Objective: The effects of proline-rich polypeptide (PRP) isolated from neurosecretory granules of bovine neurohypophysis produced by nuclei supraopticus and paraventricularis on phagocytosis, bacterial intracellular killing and oxidative burst induction in normal human cells and inflammatory cells from patients with Behçet’s disease (BD), i.e. peripheral blood neutrophils and monocytes, were investigated. Methods: Intracellular killing of Staphylococcus aureus by neutrophils and monocytes of normal controls and BD patients, phagocytic activity as well as spontaneous and N-formyl-Met-Leu-Phe (fMLP)- or phorbol 12-myristate 13-acetate (PMA)-induced activation of their respiratory burst were determined by quantitative flow cytometry using highly specific fluorescence probes. Results: PRP does not affect human peripheral blood neutrophil and monocyte phagocytosis but dramatically enhances spontaneous or fMLP- and PMA-induced oxidative burst as well as the intracellular killing of S. aureus. PRP induced the upregulation of the spontaneous or fMLP- and PMA-induced oxidative burst in normal PMNs and monocytes; the number of inflammatory BD cells did neither increase further nor undergo spontaneous or PMA-stimulated oxidative burst. In BD patients, increased spontaneous production of reactive oxygen intermediates (ROIs) by neutrophils and monocytes is characterized by impaired intracellular protein-kinase-C (PKC)-dependent oxidative burst regulation as well as overregulation of chemotaxis/inflammation-mediated respiratory burst induction.
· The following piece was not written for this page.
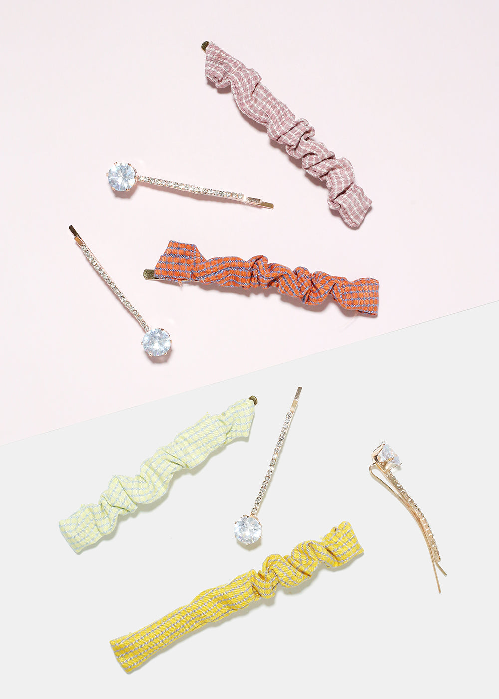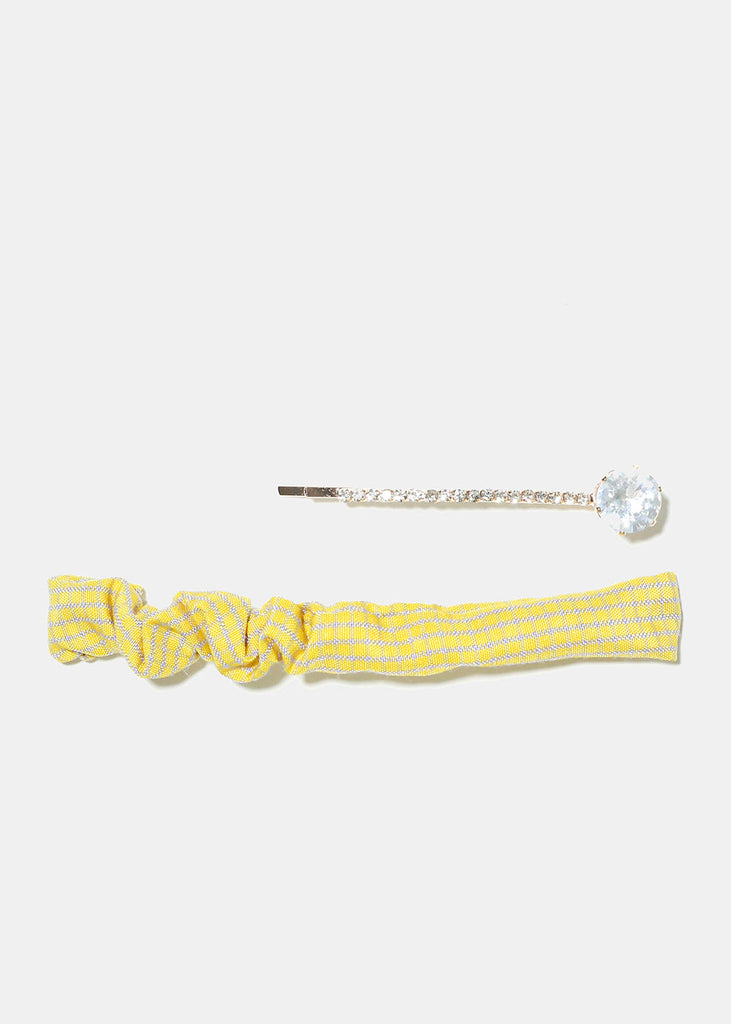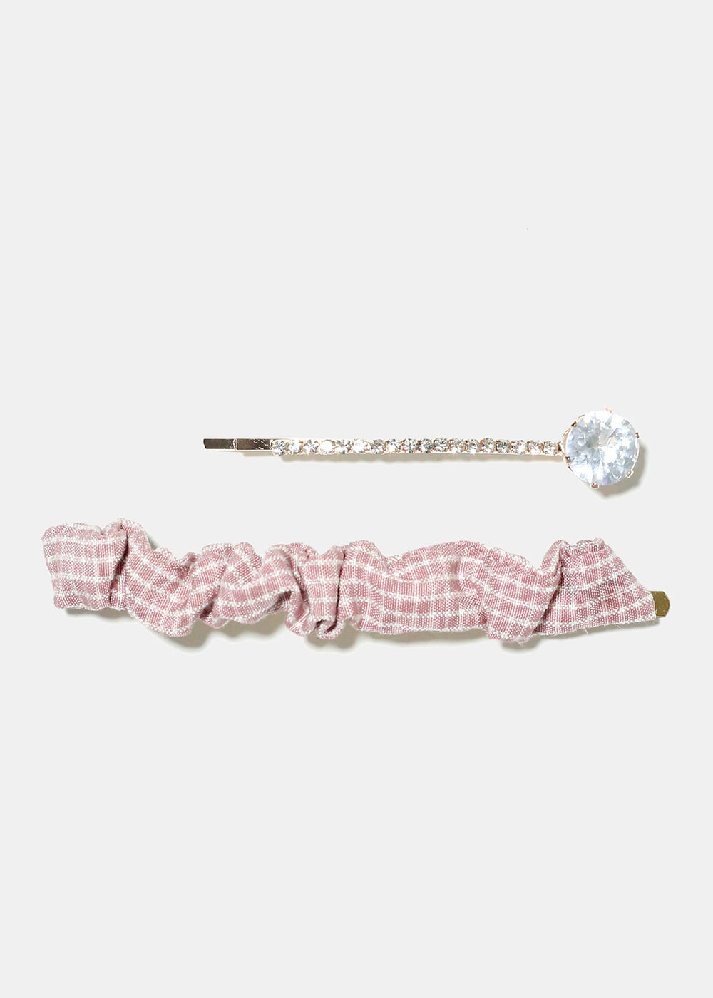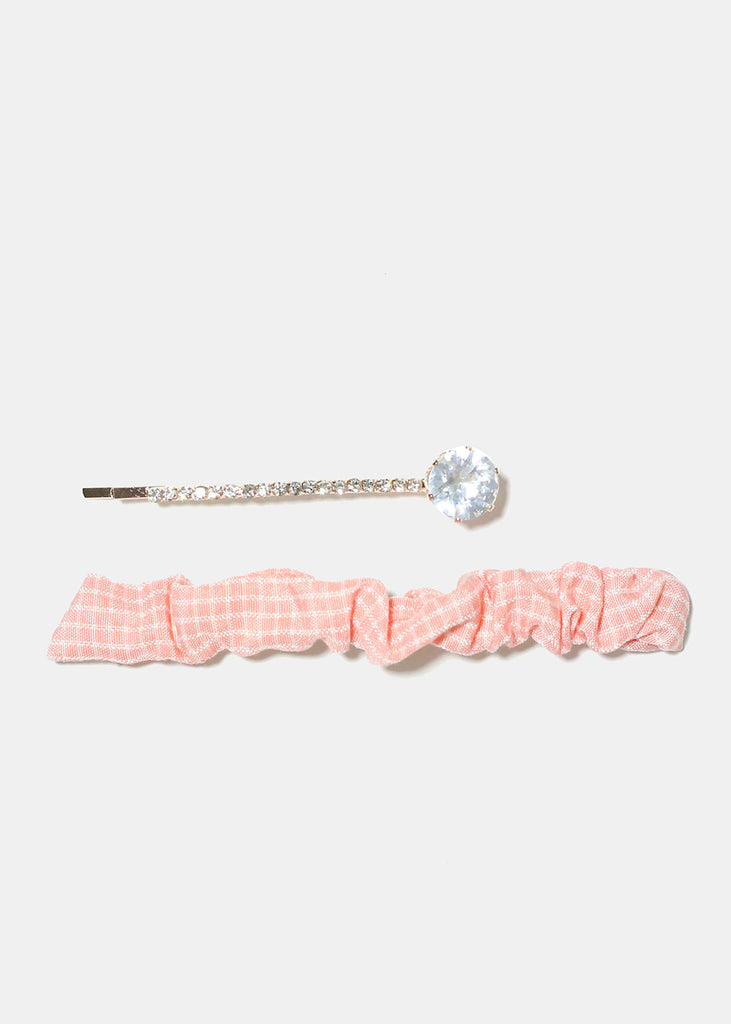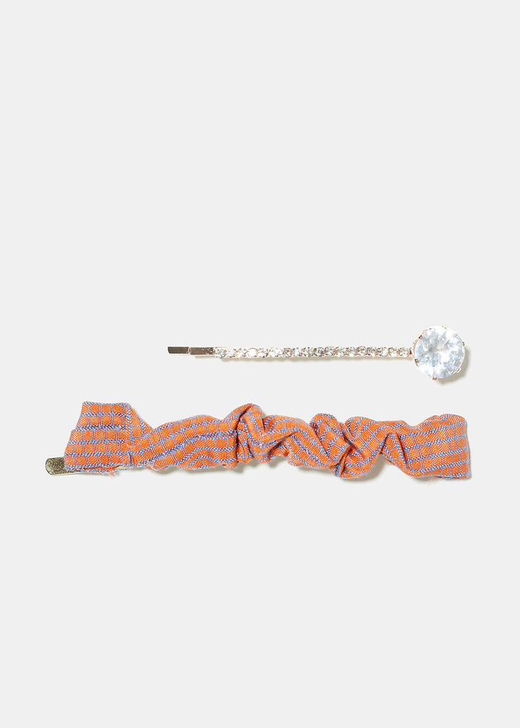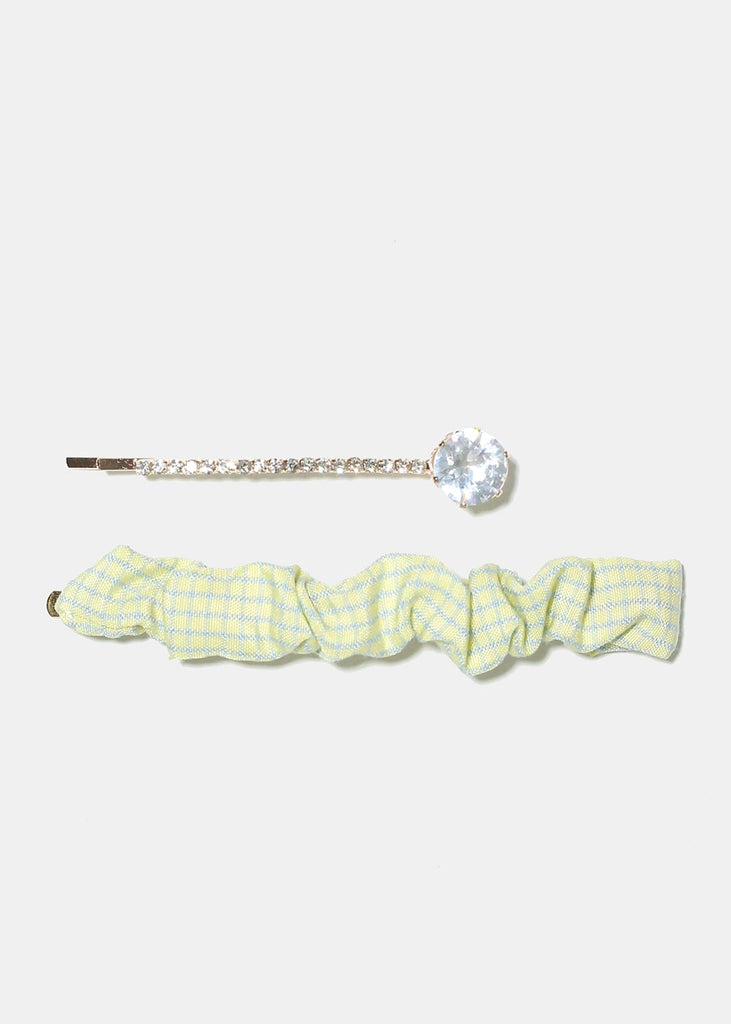 2 Piece Plaid & Gemstone Hair Pins

PRP restores rather the impaired intracellular PKC-dependent regulation of ROI production in inflammatory diseased cells than the chemotaxis/induction of the inflammation-mediated respiratory burst. Conclusion: We demonstrated the regulatory role for PRP on oxidative burst in neutrophils and monocytes from normal controls and BD patients. Our results suggest that PRP differentially affects both chemotaxis- and PKC-dependent oxidative burst in normal and inflammatory cells from patients.